Well, duh, Eva. Mortal enemies?
Sweet.
Even so, five against one is hardly fair. Time to help even the odds.
“Stop!” I yell, hoping that at least one of the guards will turn on a tasty morsel of bait such as myself and leave John alone. I’m ultra-surprised when it works. Three of the five vampires turn. Leaving John facing only two, one of which seems stopped dead in his tracks. I can feel the vamp’s frustration as he tries, and fails, to move.
WTF? Must be the one I’d bitten. Just a drop of blood, and like my pet zombies, he’s hopelessly caught under my will.. I am not sure if I’m wigged out by this or happier than sin. No one should have this much control. Should they?
Gift horses, Eva girl.
“Kill them.” I point to the three vampires advancing on me. My vamp twists around, like a marionette on a string, his actions jerky and uncoordinated, but he lifts his sword and lunges for his closest brother. Whooyah!
My joy is short lived. My floundering vampire is worse than a fledgling with a sword and his brothers have no mercy. Three seconds later they have carved him up: head, heart, and limbs. There is no recovering from that.
Crap. Does that count as my kill?
So now it’s back to three to one. I risk a glance at John. Hoping that maybe, somehow, he can help me. He’s making progress—the vampire before him drips in blood and gore—but he’s not going to be free in the next few seconds. Which is, unfortunately, about all the time I have.
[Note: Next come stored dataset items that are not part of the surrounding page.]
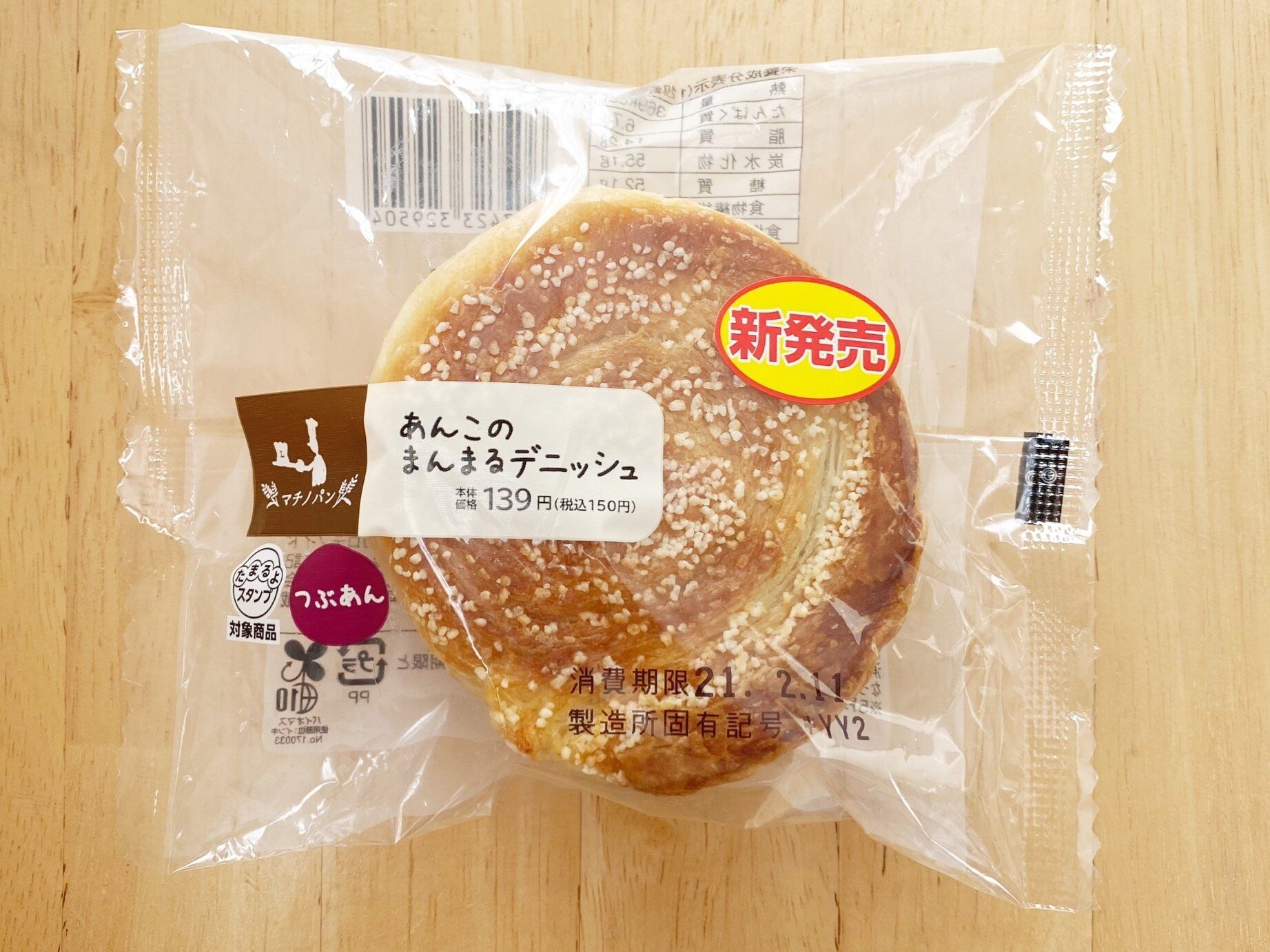 しっとりもっちりとしたバターの香り広がる生地に、粒あんをたっぷりサンドしたデニッシュあんぱん。369kcal、150円(税込)。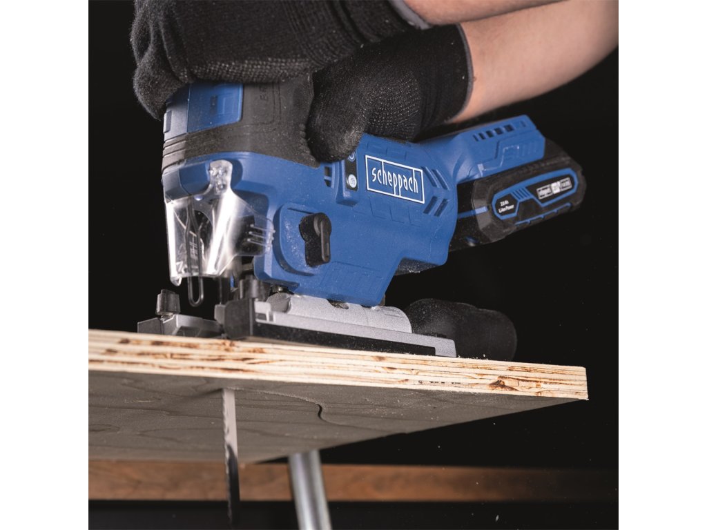 Aku přímočará pila Scheppach BC-JS254-X je ideální volbou pro přesné řezání různých materiálů, jako je dřevo, kov, hliník, mosaz, plast a další – stačí zvolit vhodný pilový list.Konstrukce pily umožňuje řezat v mnoha různých úhlech, provádět dlouhé paralelní řezy nebo obloukové řezy. Stroj má snadné jednoruční ovládání, elektronické nastavení rychlosti, funkci ofukování pracovního prostoru, LED osvětlení pracovního prostoru s 10 s prodlevou po vypnutí stroje a 3-stupňové nastavení předkmitu pro nastavení výkonu řezání a jeden stupeň pro jemné řezání. Čistotě řezu napomáhá, vedle kvalitních pilových plátků, i integrovaná ochrana proti otřepům. Kvalitní základová deska má kluznou desku, která chrání citlivý povrch před poškrábáním. Navíc se dá lehce nastavit v 5 stupních pro pokosové řezání v rozmezí od -45° do +45°. Výměna pilového plátku je rovněž velice snadná, díky systému rychloupínání. Transparentní sklápěcí kryt chrání uživatele a zároveň umožňuje volný výhled na pracovní plochu. Rukojeť má komfortní protiskluzové zóny. Stroj se dodává bez baterie a nabíječky. Stroj se dodává bez baterie a nabíječky.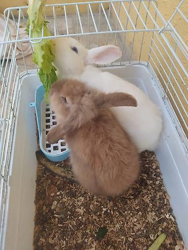 - İki ev dovşanı: biri ağ, digəri açıq qəhvəyi rəngdə, asma qulaqlı (lop tipli görünüşdə). Yumşaq tüklü, sakit xasiyyətli, yarpaq tərəvəzləri (salat və s.) məmnuniyyətlə yeyirlər.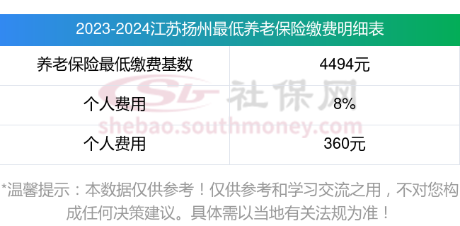 江苏扬州养老保险缴费基数2023-2024年最新标准(最低)一个月要交多少钱?举例说明

I scoot back, my feet sliding over rock and dirt as I try to make my way around the various obstacles without tripping. “Don’t suppose you guys have changed your mind about talk
ing.”
Silence.
“You know, this whole gang up on Eva thing is getting old. Where’s your pride? All three step forward.
“Two to one?”
Surprisingly, one of the three stops, the point of his sword digging into a cacti as he leans on it as if bored. A second later, the second one stops also. Oh wow, gentlemen assassins?
I look at the vampire who is still advancing. Take in his lethal sword, the abraded temple, the healing red scar tissue of his neck.
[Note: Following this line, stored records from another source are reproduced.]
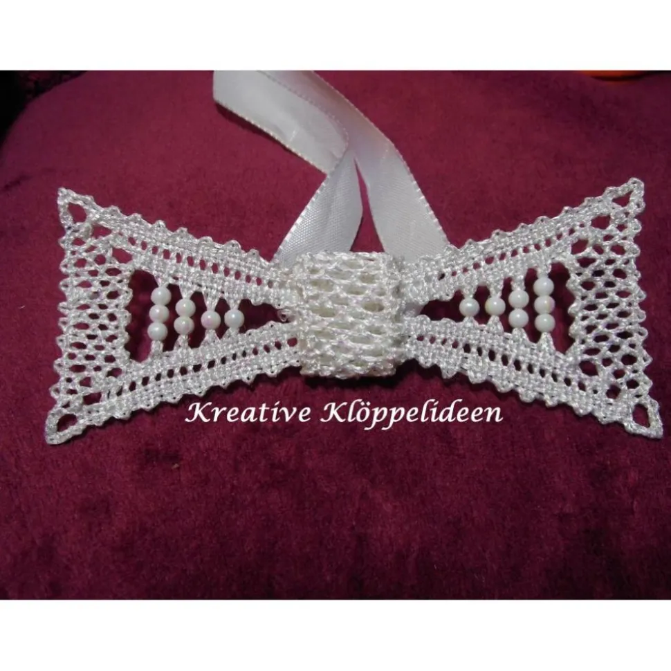 Diese Fliege habe ich mit weißem Viskosegarn, in welches ein metallisierter Polyesterfaden im Farbverlauf von silber, rosé und hellgrün eingewirkt ist, geklöppelt.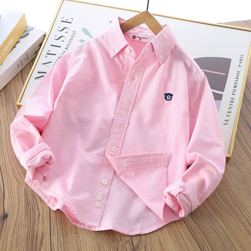 男童纯色长袖衬衫2025春季儿童牛津纺翻领休闲上衣中大童百搭衬衣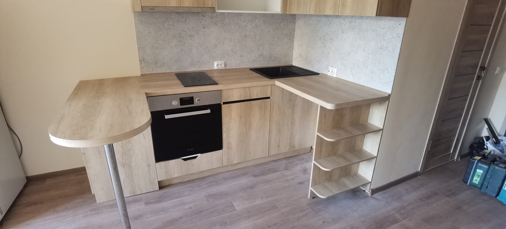 Ручка профиль акцентно сочетается с остальными чёрными элементами кухни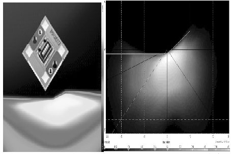 近年來,高亮度LED 技術(shù)發(fā)展迅猛。截至2008年,歐司朗光電半導(dǎo)體公司推出新款OSTARHeadlamp LED,OSTAR Headlamp LED 產(chǎn)生的光通量,依照串聯(lián)的芯片數(shù)量而定, 介于700mA 時(shí)的125 lm ( 單芯片) 與1A 時(shí)的1000 lm ( 五芯片) 之間,可達(dá)到前照燈需要的亮度要求。高精度的工程設(shè)計(jì)、內(nèi)置光閘功能、最佳的芯片安裝和封裝設(shè)計(jì),讓OSTAR Headlamp LED 具有全新的亮度數(shù)據(jù)和精確的燈光明暗截止線,適用于所有前照燈設(shè)計(jì)( 見圖7)。

Nope, not gentlemen. Gentlemen would kill me quickly, not leave me to their vengeful brother. Still, I’ll take what I can get in terms of breaks.
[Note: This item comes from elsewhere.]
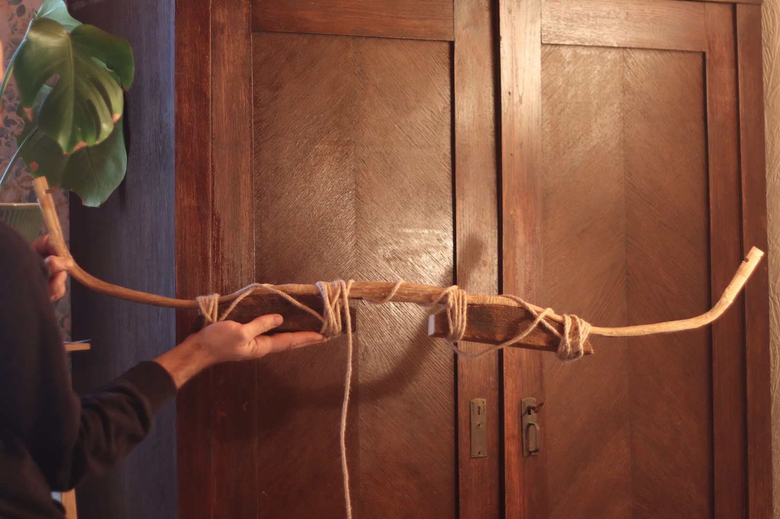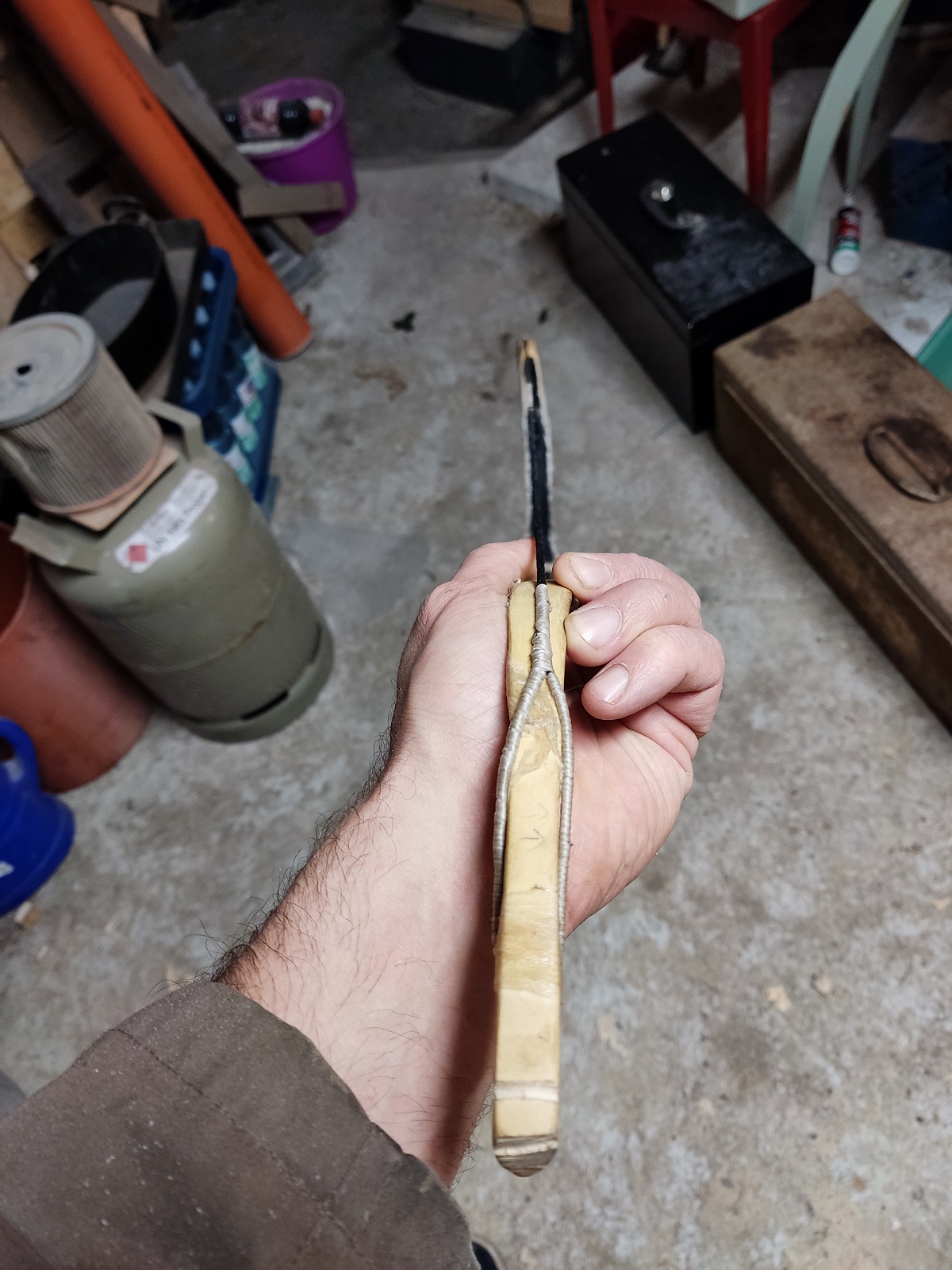 Aus Angst durch noch mehr Hitze mehr Schaden als Nutzen zu haben, habe ich einfach angefangen zu tillern. Ausziehen ließ sich der Bogen, auch ohne dass die Sehne runtergesprungen wäre. Mitte Februar hatte ich den Bogen dann endlich auf dem Tillerstock.

“Hey there.” I scramble around a large boulder, trying to stay firmly on the other side. Scar-throat merely leaps on top of it. And then jumps down, sword first.
I dive to the side, roll over my still mending arm, and come up onto my knees with a bloody lip from having almost bit through it.
It could have ended then, should have, but the crazy idiot stopped, testing the edge of his sword as he waited for me to scramble to my feet.
I take advantage of the reprieve and start edging my way along the cliff face behind me.
He smiles, his arm flashing out. I manage to duck the sword, but have no time to avoid the well-placed kick. Only it never connects. John leaps in front of me, the vampire’s boot smashing into his ribs with a sickening crunch. The force of the blow lifts John off the ground, sending him flying… into me.
Together we crash into the gorge wall. My spine screams, my head, well, I think it just may have split open. The world spins, my ears ring. And I can’t get up. John is one heavy mutt. I look back at the vampire. He arches his brow, his sword swishing back and forth. Practicing the final strike or showing off.
Frantically, I push at John. He whimpers, but doesn’t move. “Stupid mutt. What were you thinking?” I squirm, trying to wiggle out from beneath him, my fist pushing on his chest. Wait. My fist. My hand is still fisted around the syringe. Holy crap. I still have the syringe. I can’t hope to kill them all, but maybe I can take this one out, give John a chance to wake up and slink away.